TVM_FFI=ctypes python3 -m pytest -v tests/python/contrib/test_tensorrt.py

And all tests passed. That said I did git submodule update --init --recurse yesterday so maybe not all submodules have been updated in your setup?

Hope that helps.

MadFunMaker · April 9, 2021, 9:07pm

Thank you for your reply! I made sure that I have updated submodules. Could you tell me which Docker image did you try with? Was it Dockerfile.ci_gpu? And could you share your submodule versions from “git submodule” command?

alopez_13 · April 9, 2021, 9:53pm

I am not running docker. I just cloned the project, updated the submodules, changed to the project directory and issued the command.

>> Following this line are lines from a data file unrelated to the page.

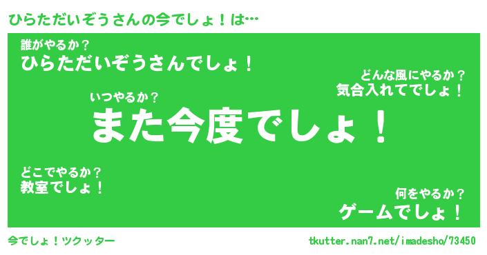 | ヒーロー風カッコイイあだ名 | 『スーパーヒラタダイゾウ』 |
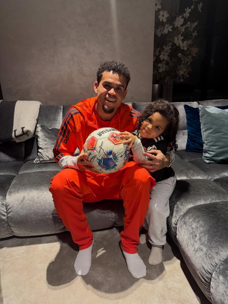 路易斯·迪亚斯带走了比赛用球,他晒出了自己和女儿一起捧着球的合照。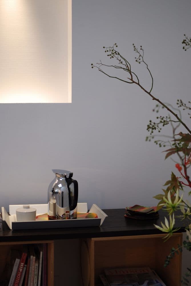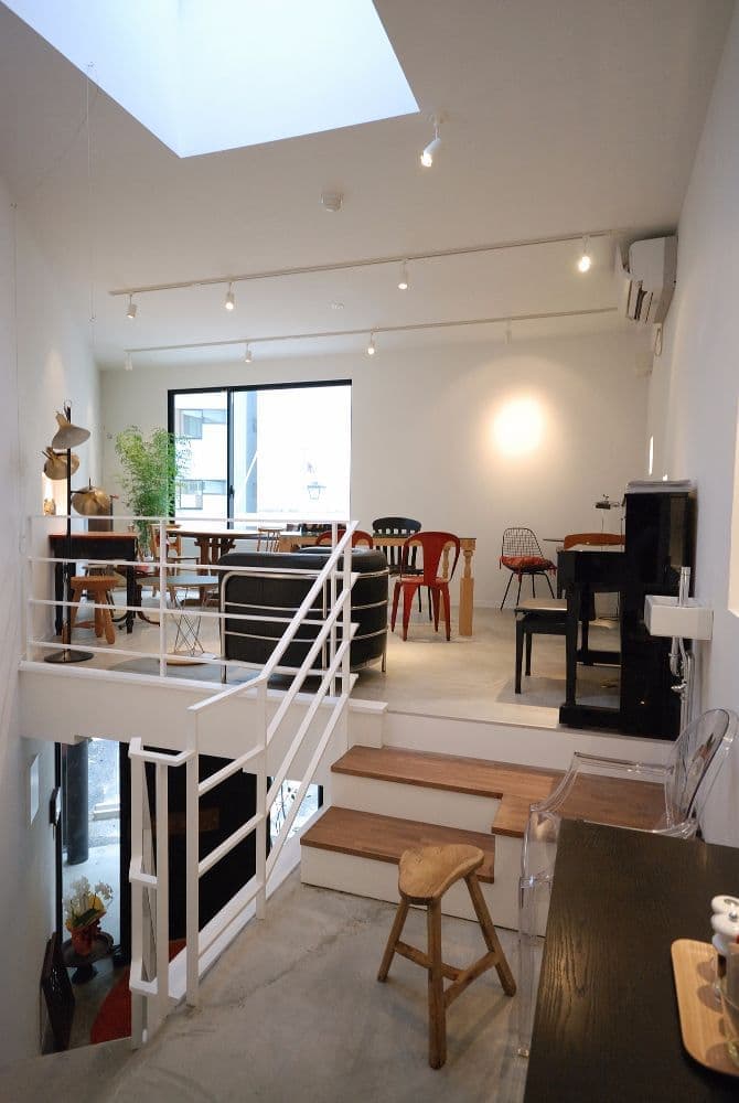 周囲の雑然とした雰囲気とは一線を画すように、カディは宙に浮かせた構造になっており、入り口に立つと中に吸い込まれるような、パースの効いたスキップフロアとしました。2階の客席は、外からは想像できない広さを感じさせます。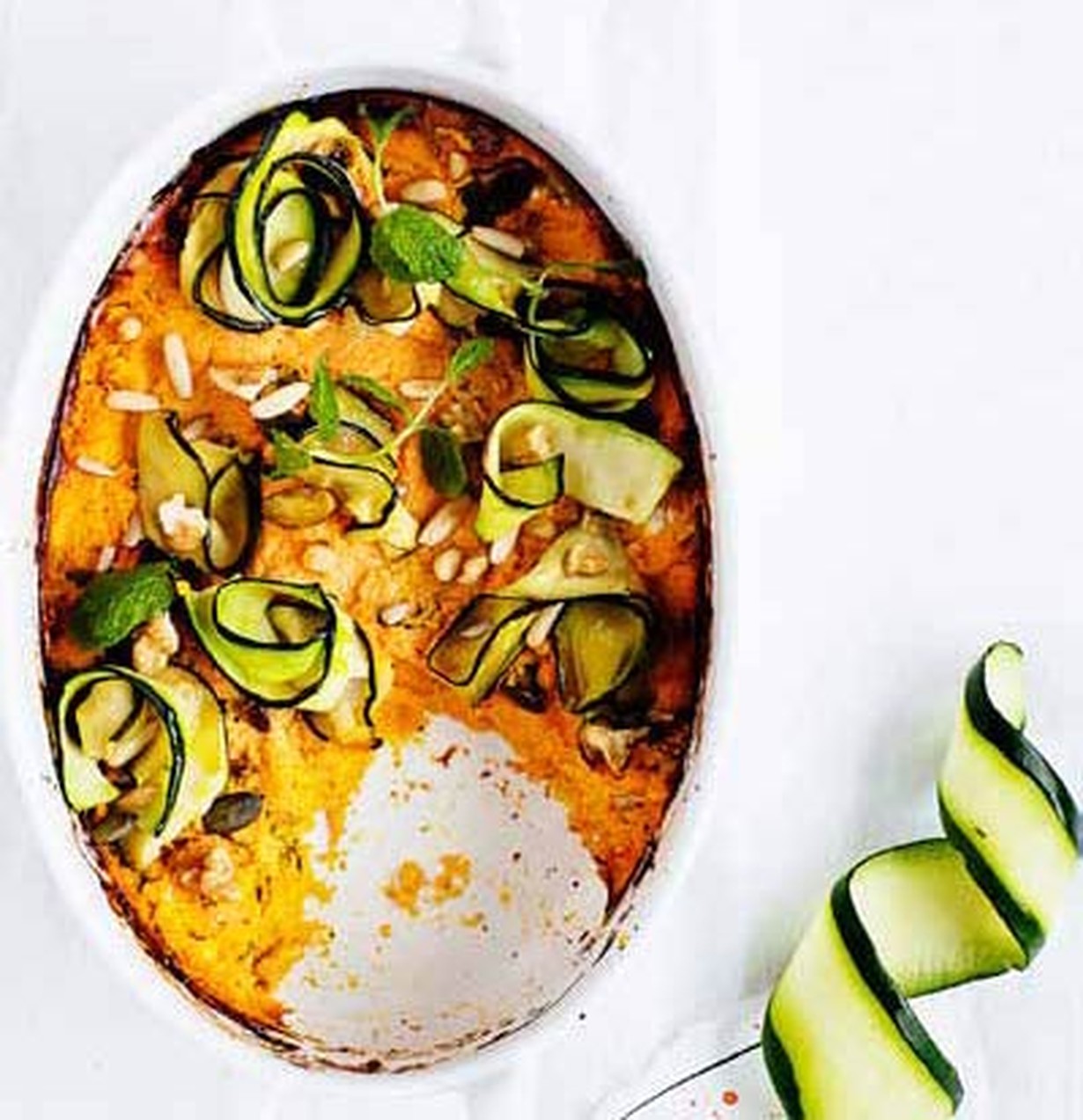 Pähkinöiden rapeus ja valmiin porkkanasoseen pehmeys yhdistyvät sopuisasti helppotekoisessa kasvisvuoassa.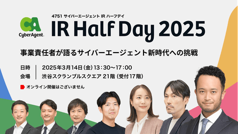 株式会社サイバーエージェント(東証プライム市場:証券コード4751、本社:東京都渋谷区、代表取締役 代表執行役員社長:藤田晋)は、2025年3月14日(金)にIRハーフデイの開催を予定しています。 ■テーマ:「 事業責任者が語る サイバーエージェント新時代へ...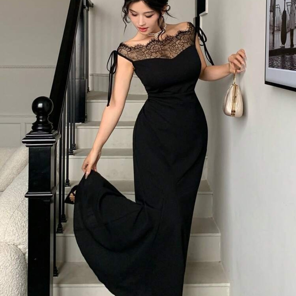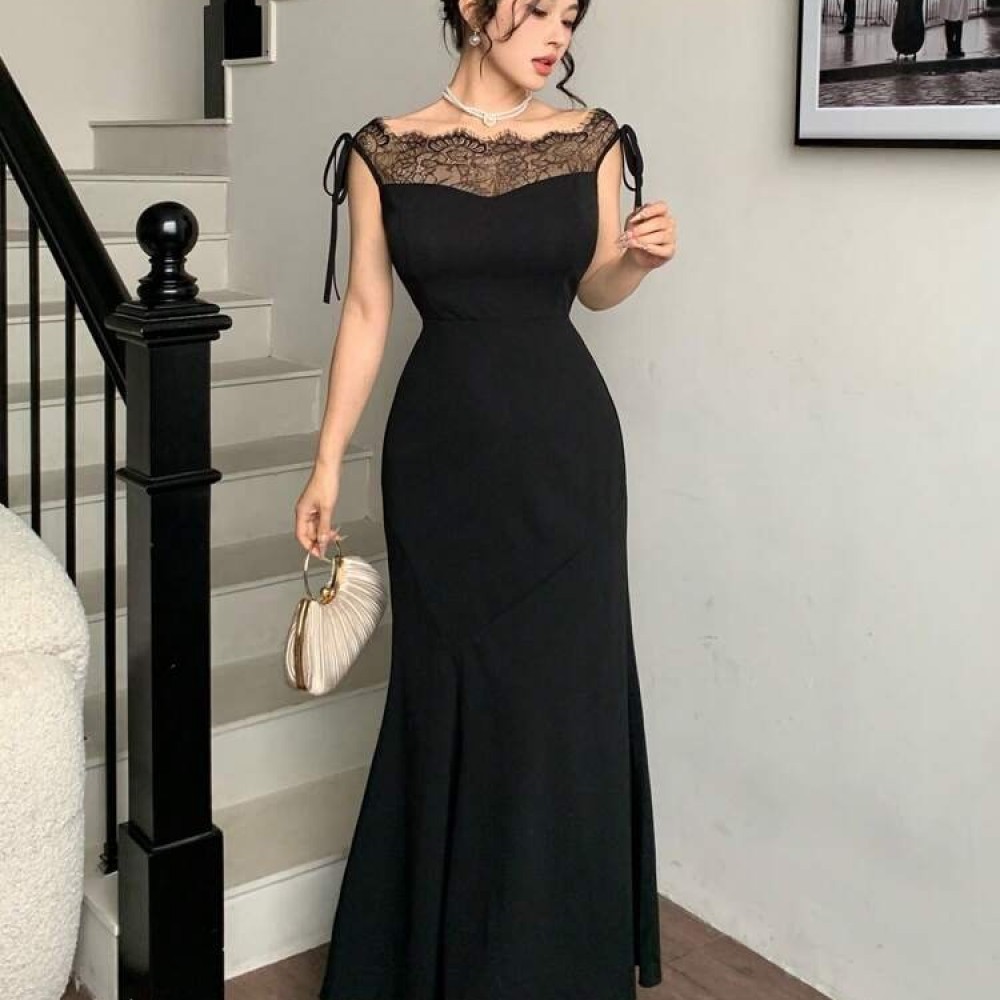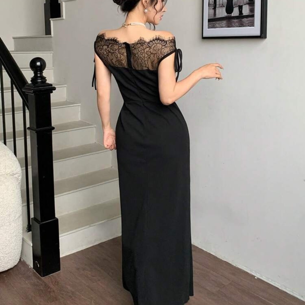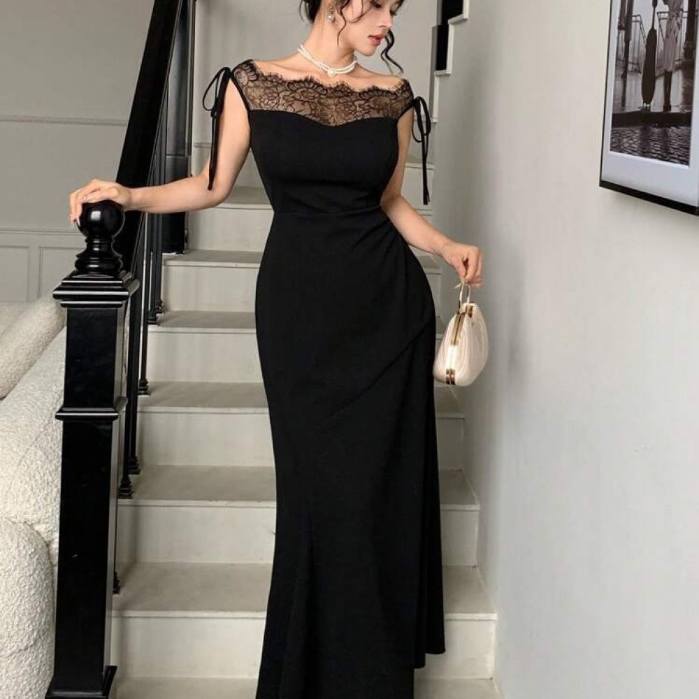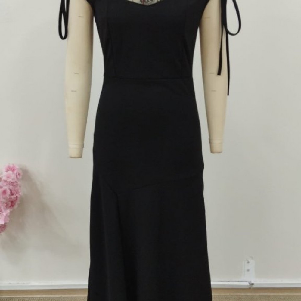 K10018-SIYAH SİYAH ELBİSE

So basically:

git clone --recursive https://github.com/apache/tvm tvm
cd tvm
TVM_FFI=ctypes python3 -m pytest -v tests/python/contrib/test_tensorrt.py

Now, if you already have your copy of the repo then pull the latest submodules: git submodule update --init --recurse

I do use docker for TVM related projects, but not for testing TVM itself. If you are concerned about messing your system by installing global pip libraries you can use virtual environments. That is what I do when I run outside of docker and work on TVM.

Re-reading your problem, maybe the issue is with the docker container you are using?